Try it →
Would you please transcribe, exactly as written, the lines of the entries below starting at the one that holds "종이 옮겨 적어놓자. 나중에 암호를 까먹을 경우 복구할 때 사용된다." and ending at the one that holds "حل تمارين رياضيات الصف الثالث متوسط صفحة 8", both included?

Data for the task →
**********

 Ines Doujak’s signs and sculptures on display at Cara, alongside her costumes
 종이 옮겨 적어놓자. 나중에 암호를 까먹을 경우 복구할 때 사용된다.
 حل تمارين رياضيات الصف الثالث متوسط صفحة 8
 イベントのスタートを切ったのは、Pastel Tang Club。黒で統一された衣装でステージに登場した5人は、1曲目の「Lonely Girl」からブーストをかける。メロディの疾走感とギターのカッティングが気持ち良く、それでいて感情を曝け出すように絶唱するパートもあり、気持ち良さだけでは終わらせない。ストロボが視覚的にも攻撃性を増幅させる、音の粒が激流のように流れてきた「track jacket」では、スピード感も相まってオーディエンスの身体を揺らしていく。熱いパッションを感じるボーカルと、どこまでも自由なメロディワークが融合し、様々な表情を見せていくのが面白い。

**********

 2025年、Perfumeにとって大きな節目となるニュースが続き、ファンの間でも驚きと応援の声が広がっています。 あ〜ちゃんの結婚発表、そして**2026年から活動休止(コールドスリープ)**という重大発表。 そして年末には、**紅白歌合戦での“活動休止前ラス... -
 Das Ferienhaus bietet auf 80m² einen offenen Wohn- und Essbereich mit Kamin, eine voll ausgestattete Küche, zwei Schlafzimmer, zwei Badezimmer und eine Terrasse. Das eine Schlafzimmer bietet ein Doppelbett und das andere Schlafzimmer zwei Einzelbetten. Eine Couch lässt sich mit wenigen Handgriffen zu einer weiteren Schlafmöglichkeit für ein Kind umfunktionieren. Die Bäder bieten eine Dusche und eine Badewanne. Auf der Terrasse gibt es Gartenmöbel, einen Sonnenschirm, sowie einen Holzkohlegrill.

**********

Solved exercise →
 종이 옮겨 적어놓자. 나중에 암호를 까먹을 경우 복구할 때 사용된다.
 حل تمارين رياضيات الصف الثالث متوسط صفحة 8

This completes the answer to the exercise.